# The OSX Malware Goons are at it Again !



## Eeyore (Jul 16, 2009)

The folks at MacRumors have let forum members know that a new Trojan was released into the wild. It disguises itself as a new update to your Flash Player while the user is browsing the internet. This new Trojan is designed to disable Apple's auto-updating trojan removal tool that keeps these nasties at bay. The fake Adobe Flash update and installation looks very convincing to the average user.

http://forums.macrumors.com/showpost.php?p=13668665&postcount=1

For those of us on an iMac or MacBook computers, remember that you *never* install when a pop-up suddenly appears while you are on the internet browsing ! To determine if your Flash Player _really_ needs to be updated, please do the following:

1) Click on the Apple logo on the upper left of your tool bar and select "System Preferences".
2) At the bottom of your screen under "Other" is the red logo with an "f" in it that is labeled "flash player". Click on it.
3) Click on the "Advanced" tab and the second set of boxes says Updates. Click on the button that says "Check Now".
4) This will send you to the authentic Adobe website and shows what version number you currently have on your computer, and what number is the *latest* adobe flash version available. If you need to update, just click on the "player download center" highlight to get the secure version of adobe flash for your computer.

All the best, from a former paranoid Windows user.

Eeyore-- living in the gloomy place (rather boggy and sad) at the Hundred Acre Wood.


----------



## R. M. Reed (Nov 11, 2009)

Is there any way to check if I have this? I did get a Flash update message the other day. I have the most current version, and it is set to check for updates automatically.


----------



## Eeyore (Jul 16, 2009)

RM Reed---

If the secure Adobe flash site and your computer both have the latest version numbers that match, then you probably had an authentic notification. The malware as far as I know just adds itself in and deletes certain critical files. It doesn't know how to update to the latest Adobe flash version number. In the future, if you get the pop-up to update, you may want to escape to desktop and then manually check the secure Adobe site to see if the update is real (or disable automatic updating.) [Just my opinion  ]
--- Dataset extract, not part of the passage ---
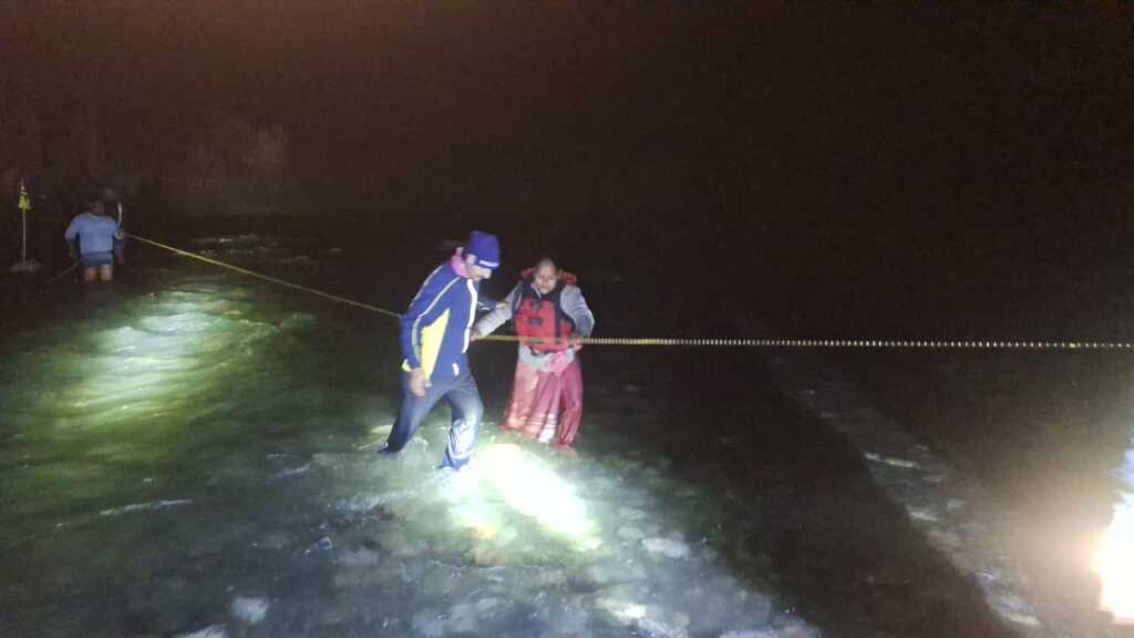 सूचना मिलते ही SDRF टीम डाकपत्थर ASI सुरेश तोमर के हमराह तत्काल घटनास्थल के लिए रवाना हुई। घटनास्थल पर उफनती नदी और तेज बहाव के बीच SDRF टीम ने सूझबूझ, साहस और पेशेवर दक्षता का परिचय देते हुए 05 लोगों को सकुशल बाहर निकालकर सभी को सुरक्षित स्थान पर पहुंचाया।

Here is a clearer explanation of what the new malware looks like, what it does and what to check for if you did accidentally download it.

http://reviews.cnet.com/8301-13727_7-20119265-263/latest-adobe-flash-trojan-for-os-x-gets-revised/

And for the Apple geeks, the official word from f-secure on the malware:

http://www.f-secure.com/v-descs/trojan-downloader_osx_flashback_c.shtml

All the best.


----------